To nie były najbardziej udane mistrzostwa w karierze Żyły. Skakał nerwowo, leciał niestabilnie i często bardzo nisko. I właśnie temu – lataniu tuż nad zeskokiem – zawdzięcza... sławę w Norwegii. Na stronie dziennika "Dagbladet" poświęcono mu specjalny artykuł. – To absolutnie dzikie – pojawia się już w leadzie komentarz trenera Alexandra Stoeckla. Wtóruje mu legenda norweskich skoków Maren Lundby. – Patrzysz i się śmiejesz – przyznała trzykrotna triumfatorka Pucharu Świata (tak jak Adam Małysz zdobyła trzy Kryształowe Kule z rzędu).

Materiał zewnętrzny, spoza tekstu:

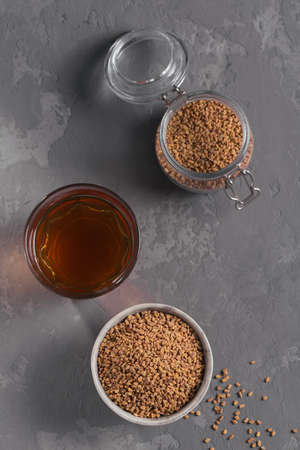 Bowl of fenugreek seeds and Egyptian fenugreek yellow tea or Methi Dana drink on gray background
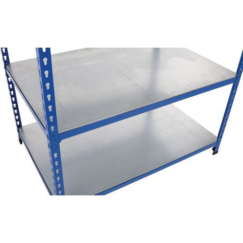Industriële stelling, eenvoudig en robuust voor het opslaan van middelzware artikelen. Dicht stalen legbord, perfect voor een magazijn voor losse onderdelen en/of vette producten. Verzinkte afwerking voor vochtige ruimtes of grijs/blauwe epoxyverf voor droge omgeving. Magazijnlegbord, eenvoudig en zonder technici of specifiek gereedschap te monteren.
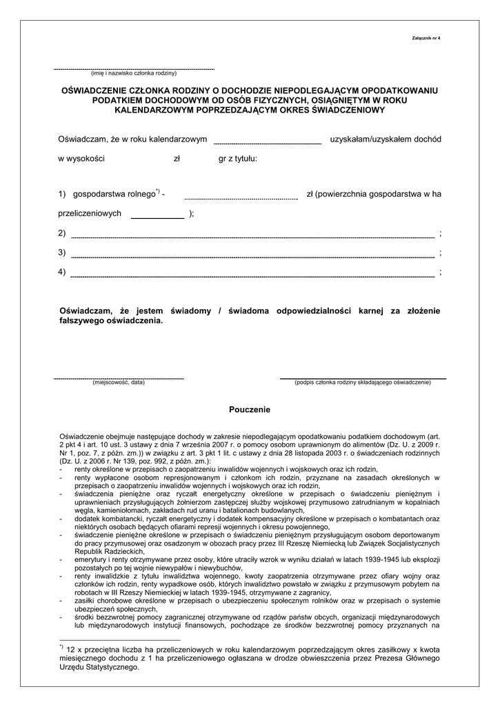 Załącznik nr 4 (imię i nazwisko członka rodziny) OŚWIADCZENIE CZŁONKA RODZINY O DOCHODZIE NIEPODLEGAJĄCYM OPODATKOWANIU PODATKIEM DOCHODOWYM OD OSÓB FIZYCZNYCH, OSIĄGNIĘTYM W ROKU KALENDARZOWYM POPRZEDZAJĄCYM OKRES ŚWIADCZENIOWY Oświadczam, że w roku kalendarzowym w wysokości zł uzyskałam/uzyskałem dochód gr z tytułu: *) zł (powierzchnia gospodarstwa w ha 1) gospodarstwa rolnego przeliczeniowych ); 2) ; 3) ; 4) ; Oświadczam, że jestem świadomy / świadoma odpowiedzialności karnej za złożenie fałszywego oświadczenia. (miejscowość, data) (podpis członka rodziny składającego oświadczenie) Pouczenie Oświadczenie obejmuje następujące dochody w zakresie niepodlegającym opodatkowaniu podatkiem dochodowym (art. 2 pkt 4 i art. 10 ust. 3 ustawy z dnia 7 września 2007 r. o pomocy osobom uprawnionym do alimentów (Dz. U. z 2009 r. Nr 1, poz. 7, z późn. zm.)) w związku z art. 3 pkt 1 lit. c ustawy z dnia 28 listopada 2003 r. o świadczeniach rodzinnych (Dz. U. z 2006 r. Nr 139, poz. 992, z późn. zm.): renty określone w przepisach o zaopatrzeniu inwalidów wojennych i wojskowych oraz ich rodzin, renty wypłacone osobom represjonowanym i członkom ich rodzin, przyznane na zasadach określonych w przepisach o zaopatrzeniu inwalidów wojennych i wojskowych oraz ich rodzin, świadczenia pieniężne oraz ryczałt energetyczny określone w przepisach o świadczeniu pieniężnym i uprawnieniach przysługujących żołnierzom zastępczej służby wojskowej przymusowo zatrudnianym w kopalniach węgla, kamieniołomach, zakładach rud uranu i batalionach budowlanych, dodatek kombatancki, ryczałt energetyczny i dodatek kompensacyjny określone w przepisach o kombatantach oraz niektórych osobach będących ofiarami represji wojennych i okresu powojennego, świadczenie pieniężne określone w przepisach o świadczeniu pieniężnym przysługującym osobom deportowanym do pracy przymusowej oraz osadzonym w obozach pracy przez III Rzeszę Niemiecką lub Związek Socjalistycznych Republik Radzieckich, emerytury i renty otrzymywane przez osoby, które utraciły wzrok w wyniku działań w latach 1939-1945 lub eksplozji pozostałych po tej wojnie niewypałów i niewybuchów, renty inwalidzkie z tytułu inwalidztwa wojennego, kwoty zaopatrzenia otrzymywane przez ofiary wojny oraz członków ich rodzin, renty wypadkowe osób, których inwalidztwo powstało w związku z przymusowym pobytem na robotach w III Rzeszy Niemieckiej w latach 1939-1945, otrzymywane z zagranicy, zasiłki chorobowe określone w przepisach o ubezpieczeniu społecznym rolników oraz w przepisach o systemie ubezpieczeń społecznych, środki bezzwrotnej pomocy zagranicznej otrzymywane od rządów państw obcych, organizacji międzynarodowych lub międzynarodowych instytucji finansowych, pochodzące ze środków bezzwrotnej pomocy przyznanych na *) 12 x przeciętna liczba ha przeliczeniowych w roku kalendarzowym poprzedzającym okres zasiłkowy x kwota miesięcznego dochodu z 1 ha przeliczeniowego ogłaszana w drodze obwieszczenia przez Prezesa Głównego Urzędu Statystycznego. - - - - - - - - podstawie jednostronnej deklaracji lub umów zawartych z tymi państwami, organizacjami lub instytucjami przez Radę Ministrów, właściwego ministra lub agencje rządowe, w tym również w przypadkach, gdy przekazanie tych środków jest dokonywane za pośrednictwem podmiotu upoważnionego do rozdzielania środków bezzwrotnej pomocy zagranicznej na rzecz podmiotów, którym ma służyć ta pomoc, należności ze stosunku pracy lub z tytułu stypendium osób fizycznych mających miejsce zamieszkania na terytorium Rzeczypospolitej Polskiej, przebywających czasowo za granicą - w wysokości odpowiadającej równowartości diet z tytułu podróży służbowej poza granicami kraju ustalonych dla pracowników zatrudnionych w państwowych lub samorządowych jednostkach sfery budżetowej na podstawie ustawy z dnia 26 czerwca 1974 r. Kodeks pracy (Dz. U. z 1998 r. Nr 21, poz. 94, z późn. zm.), należności pieniężne wypłacone policjantom, żołnierzom, celnikom i pracownikom jednostek wojskowych i jednostek policyjnych użytych poza granicami państwa w celu udziału w konflikcie zbrojnym lub wzmocnienia sił państwa albo państw sojuszniczych, misji pokojowej, akcji zapobieżenia aktom terroryzmu lub ich skutkom, a także należności pieniężne wypłacone żołnierzom, policjantom, celnikom i pracownikom pełniącym funkcje obserwatorów w misjach pokojowych organizacji międzynarodowych i sił wielonarodowych, należności pieniężne ze stosunku służbowego otrzymywane w czasie służby kandydackiej przez funkcjonariuszy Policji, Państwowej Straży Pożarnej, Straży Granicznej, Biura Ochrony Rządu obliczone za okres, w którym osoby te uzyskały dochód, dochody członków rolniczych spółdzielni produkcyjnych z tytułu członkostwa w rolniczej spółdzielni produkcyjnej, pomniejszone o składki na ubezpieczenia społeczne, alimenty na rzecz dzieci, stypendia doktoranckie i habilitacyjne przyznane na podstawie ustawy z dnia 14 marca 2003 r. o stopniach naukowych i tytule naukowym oraz o stopniach i tytule w zakresie sztuki (Dz. U. Nr 65, poz. 595, z późn. zm.), stypendia doktoranckie określone w art. 200 ustawy z dnia 27 lipca 2005 r. – Prawo o szkolnictwie wyższym (Dz. U. Nr 164, poz. 1365, z późn. zm.), stypendia sportowe przyznane na podstawie ustawy z dnia 25 czerwca 2010 r. o sporcie (Dz. U. Nr 127, poz. 857, z późn. zm.) oraz inne stypendia o charakterze socjalnym przyznane uczniom lub studentom, kwoty diet nieopodatkowane podatkiem dochodowym od osób fizycznych, otrzymywane przez osoby wykonujące czynności związane z pełnieniem obowiązków społecznych i obywatelskich, należności pieniężne otrzymywane z tytułu wynajmu pokoi gościnnych w budynkach mieszkalnych położonych na terenach wiejskich w gospodarstwie rolnym osobom przebywającym na wypoczynku oraz uzyskane z tytułu wy

Norwegów tak zadziwił, może wręcz zachwycił, jeden z treningowych lotów Żyły, którym pochwalił się w mediach społecznościowych. "Mogłoby się wydawać, że to błąd. Ale Polak leci ponad 200 metrów, choć wznosi się ledwo metr nad ziemię" – jakby nie dowierzał autor tekstu. I trudno mu się dziwić, patrząc na wyczyn Żyły. Niemalże szorował nartami od buli aż do punktu K. Czyli ponad sto metrów!
Próba Żyły wzbudziła zainteresowanie do tego stopnia, że dla "Dagbladet" dokładnie przeanalizował ją trener Norwegów, Alexander Stoeckl. – Jest ekstremalnie dobry w utrzymywaniu pozycji, nawet jeśli leci strasznie nisko. Leci pod tym kątem, co przy lądowaniu. Fajnie, że to możliwe. To wyjątkowe. Nie da się tego zrobić na wszystkich skoczniach, ale akurat w Vikersund tak – tłumaczył austriacki szkoleniowiec.
– Jest w stanie zachować odpowiednią prędkość. Właściwie to jej nabiera, a później jest w stanie trochę się otworzyć. Nagle kąt lotu staje się taki jak przy lądowaniu. Leci dłużej równolegle do zeskoku niż inni zawodnicy – wchodzi w detale Stoeckl. Nie kryje jednak, że "ci, którzy skaczą najlepiej, lecą prawdopodobnie trochę wyżej".
Spod skoczni w Vikersund mistrzostwa oglądała Maren Lundby i też widziała popisy Żyły. – Niemalże spadł na zeskok na setnym metrze. Wydaje ci się, że zaraz wyląduje, a on nie ląduje. To musi być niesamowite doświadczenie. Szczerze mówiąc, nigdy nie przydarzył mi się podobny skok na normalnej czy dużej skoczni – mówi Norweżka, która od lat walczy o prawo startu kobiet na skoczniach mamucich.
Mistrzyni olimpijska i mistrzyni świata również podkreśla – niczym w reklamie – że takie rzeczy możliwe tylko w Vikersund. – Jeszcze w Oberstdorfie profil może być podobny, ale to ciężkie – mówi w rozmowie z "Dagbladet". – Po prostu stoisz i się śmiejesz, a wszyscy patrzą. I nie masz pojęcia, jak można polecieć tak daleko – skwitowała ekstremalną próbę Żyły.